Nov 13 '24 17:11 pchampin

This was discussed during the json-ld meeting on 13 November 2024.

View the transcript

w3c/json-ld-syntax#443

bigbluehat: This dove-tails with the profile-parameter conversation for other communities
… If a media type expects a context to exist, they would inject one if not provided.
… We could make other discussion issues from comments in this issue.

niklasl: IIRC, Activity Streams says you should put their context last because of this issue.
… If you use short names that have meaning, you must lock them down.

dlehn: I need to re-review the issue.
… In the case of the controller, it would be to change the activity streams URL, but that's kind of strange. People expect terms to be gathered in one place.

<niklasl> Maybe what is asked for is how to use this design pattern to have partial extensibility, extensions which are always subordinate to the "hardcoded" context (that may evolve)?

dlehn: This would conflict with other things where JWT is also used.

pchampin: The comment at the end is interesting as it resonates with TPAC discussions.
… There are two types of JSON-LD, one which is more about the RDF semantics, the other is about general representation of knowledge.
… I sympathize that we should make this more clear, but don't think it's a bug in the spec.

bigbluehat: There's a tension between generic JSON-LD which is endlessly pluggable, which confuses people.
… In this view, JSON-LD isn't the end product, but adding in @protected you constrain it into a use case, as you are using very specific terminology and limiting the extension points.
… At TPAC there was a discussion about other things, such as schema.org, or are we going to specific content formats with self-defined semantics.
… Maybe this is not a syntax change, but a best practices note.
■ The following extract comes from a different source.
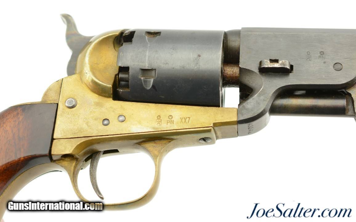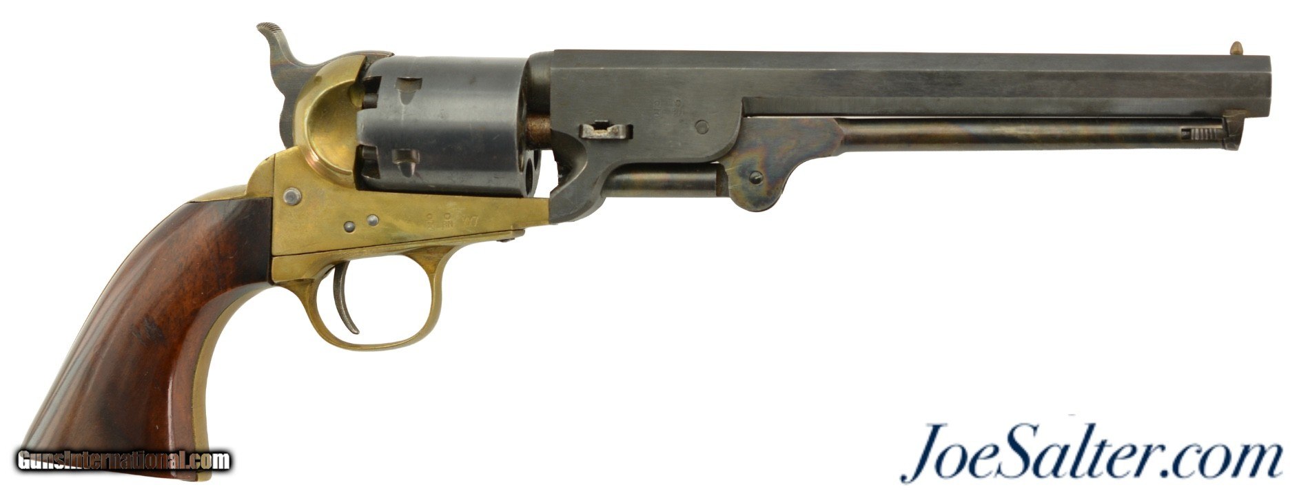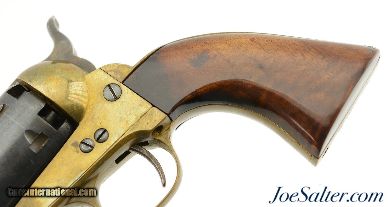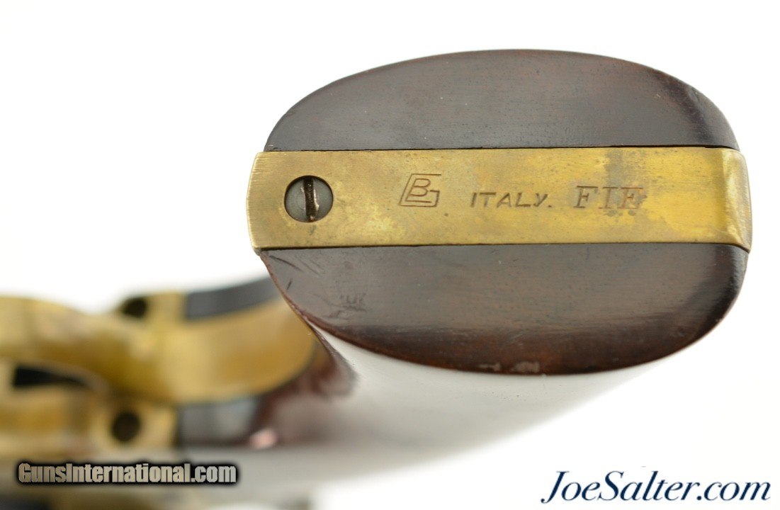 Description: Serial #45546, .36 Caliber black powder percussion, 7 ½ inch octagon barrel with a bright, excellent bore. This is a 1851 Navy model revolver manufactured by FIE in 1971 in Italy. In excellent condition the barrel and cylinder show 90-95% original blue with light scratches and use marks. The loading lever and hammer show muted case colors and the frame is a pleasing aged brass. The hardwood grips rate excellent. The action functions properly with a smooth trigger. Antique Price: $295.00 Contact Seller |

If you're in ld+json land you can do what you want, but if you're in something that provides more constraints, you may need different solutions.

<niklasl> +1 for best practice

<anatoly-scherbakov> +1

<gkellogg> +1

dlehn: It seems to be a bit more than best-practices as you need to tell people how to get around the rules.

dlehn: It's nice when things live together.

bigbluehat: In the future, maybe there would be a way to link from the spec to BP.

<bigbluehat> PROPOSAL: Address the concerns around when to use `@protected` (which were raised in https://github.com/w3c/json-ld-syntax/issues/443) through new content in the JSON-LD Best Practices document.

<gb> Issue 443 `@protected` creates unresolvable conflicts when the same term is defined in two contexts top-level (by trwnh) [spec:editorial] [wr:commenter-agreed-partial] [class-2]

<bigbluehat> +1

<niklasl> +1

<pchampin> +1

<gkellogg> +1

<anatoly-scherbakov> +1

<TallTed> +1

<dlehn> +1

dlehn: Is it more "when" or "how" to use @protected?

RESOLUTION: Address the concerns around when to use `@protected` (which were raised in https://github.com/w3c/json-ld-syntax/issues/443) through new content in the JSON-LD Best Practices document.

bigbluehat: We can make it as "best practice" and notify the commenter.

<niklasl> ... and *why* to...

bigbluehat: @protected needs more content.

<dlehn> "... when, how, and why to use ..."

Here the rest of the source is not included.